**Task item**:
Starting at the line holding "Ohaus Defender 5000" and finishing at the line holding "A bright, elegant", transcribe the material exactly, keeping both ends but no pictures.

**Input**:

-- -- --

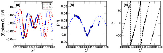 where n is an integer corresponding to the -ambiguity. This arises because the PAs measured by our instruments can only fall within . This restricts the relative Faraday rotation () to , although in reality it can fall outside of this range. The term removes this limitation but also introduces an ambiguity in the determination of RMs. In general, this ambiguity can be eliminated by having more PA measurements at different wavelengths. The broadband capabilities of modern radio interferometers (e.g., the Karl G. Jansky Very Large Array (VLA) and the Australia Telescope Compact Array (ATCA)) allow spectro-polarimetric observations with a continuous frequency coverage over a wide bandwidth (e.g., 1–2 GHz in L-band and 2–4 GHz in S-band for the VLA), which allows for the determination of FDs without ambiguities (e.g., [2]).
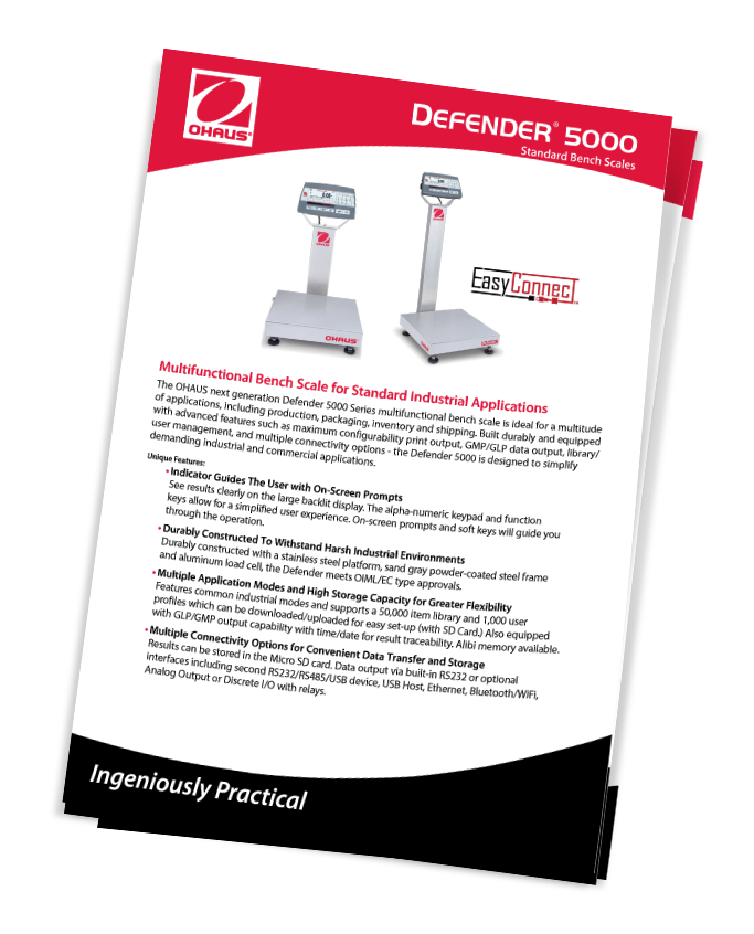 Ohaus Defender 5000 Standard D52 eignet sich für Wiegen, Stückzählen, prozentuales Wiegen, Kontrollwiegen, dynamisches Wiegen/Anzeige haltung und Füllprozesse in der Produktion sowie in Verpackungs-, Lager- und Versandabteilungen.
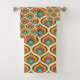 Toalla de baño moderna de mediados del siglo. Patrón de llama. Colores rojos, turquesas, amarillos y marrones.
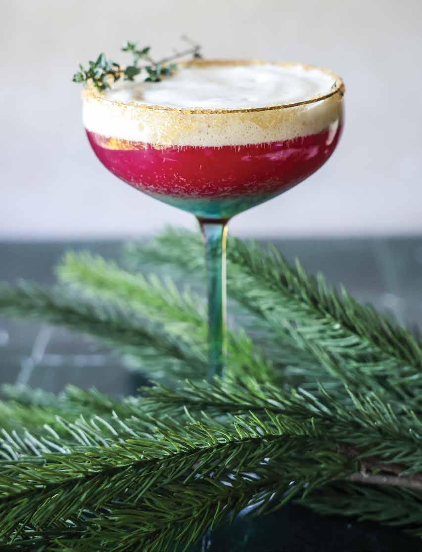 A bright, elegant cocktail with a foamy top and a hint of holiday spirit.
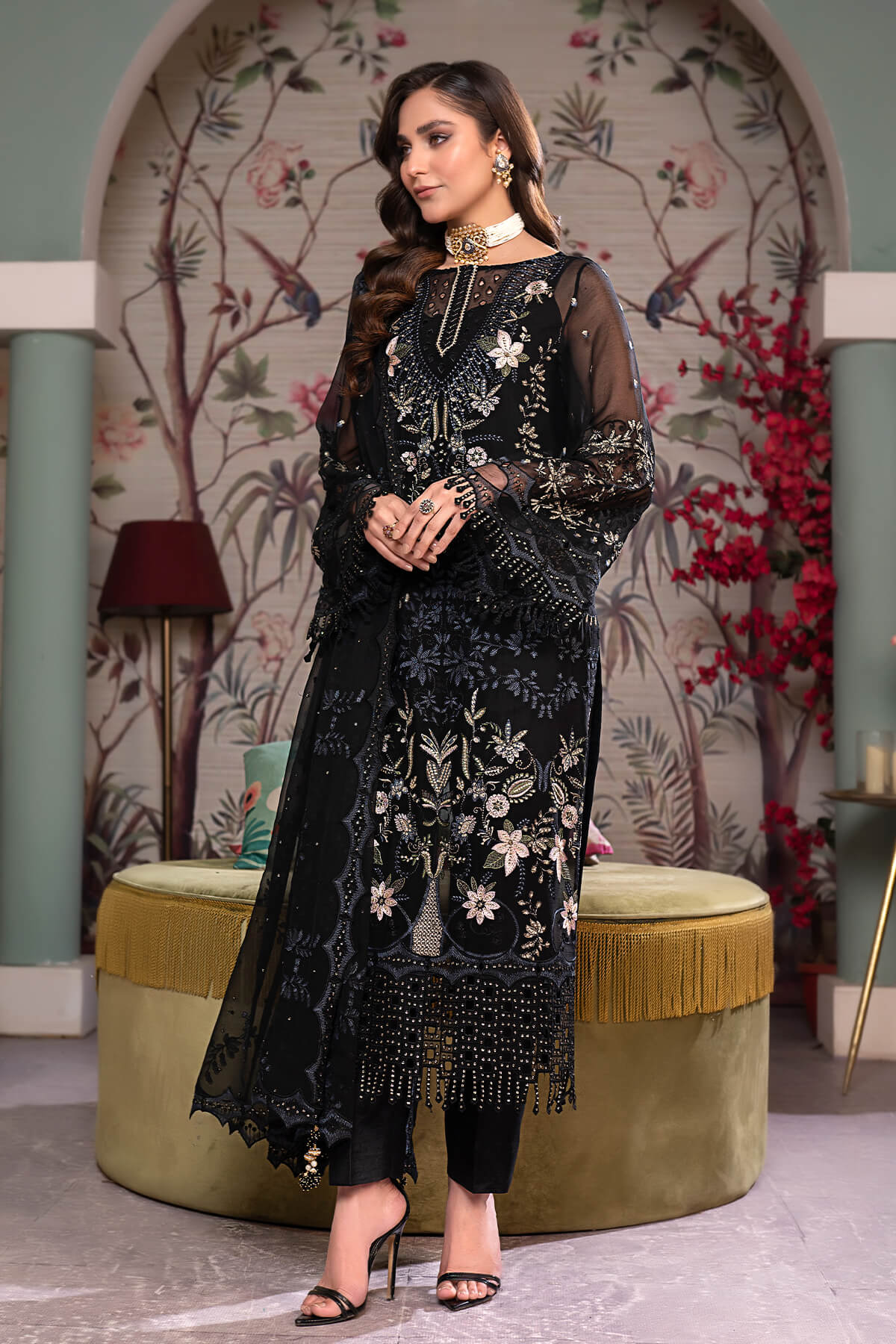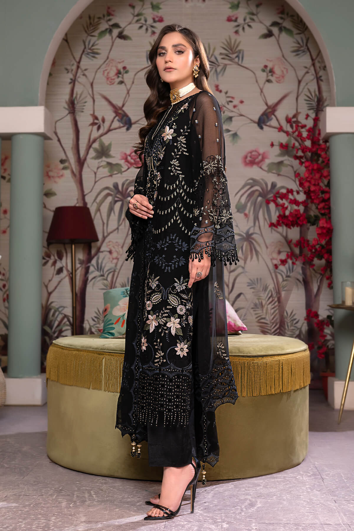 Given our Pakistani cultural background, we understand the significance of modesty. Therefore, we may make adjustments to certain design elements for modesty reasons. Examples of modifications include transforming low backs into traditionally styled regular backs, replacing drop shoulders with normal shoulders, concealing exposed stomachs, and attaching sleeves to sleeveless dresses.
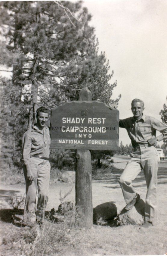 Sepia glossy print: 2 men standing next to sign for Shady Rest campground
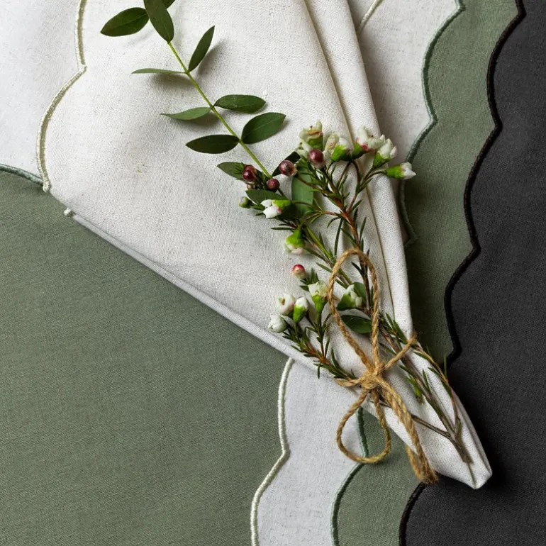 Scallopped tekstilservietter fra Ziczac er en flott detalj til ethvert dekket bord. Settet inneholder to servietter på 40×40 cm, laget av en behagelig lin- og bomullsblanding som gir en myk og luksuriøs følelse. Fargen er både moderne og allsidig, noe som gjør serviettene enkle å kombinere med ulike fargetoner og bordoppsett.

-- -- --

**Task output**:
 Ohaus Defender 5000 Standard D52 eignet sich für Wiegen, Stückzählen, prozentuales Wiegen, Kontrollwiegen, dynamisches Wiegen/Anzeige haltung und Füllprozesse in der Produktion sowie in Verpackungs-, Lager- und Versandabteilungen.
 Toalla de baño moderna de mediados del siglo. Patrón de llama. Colores rojos, turquesas, amarillos y marrones.
 A bright, elegant cocktail with a foamy top and a hint of holiday spirit.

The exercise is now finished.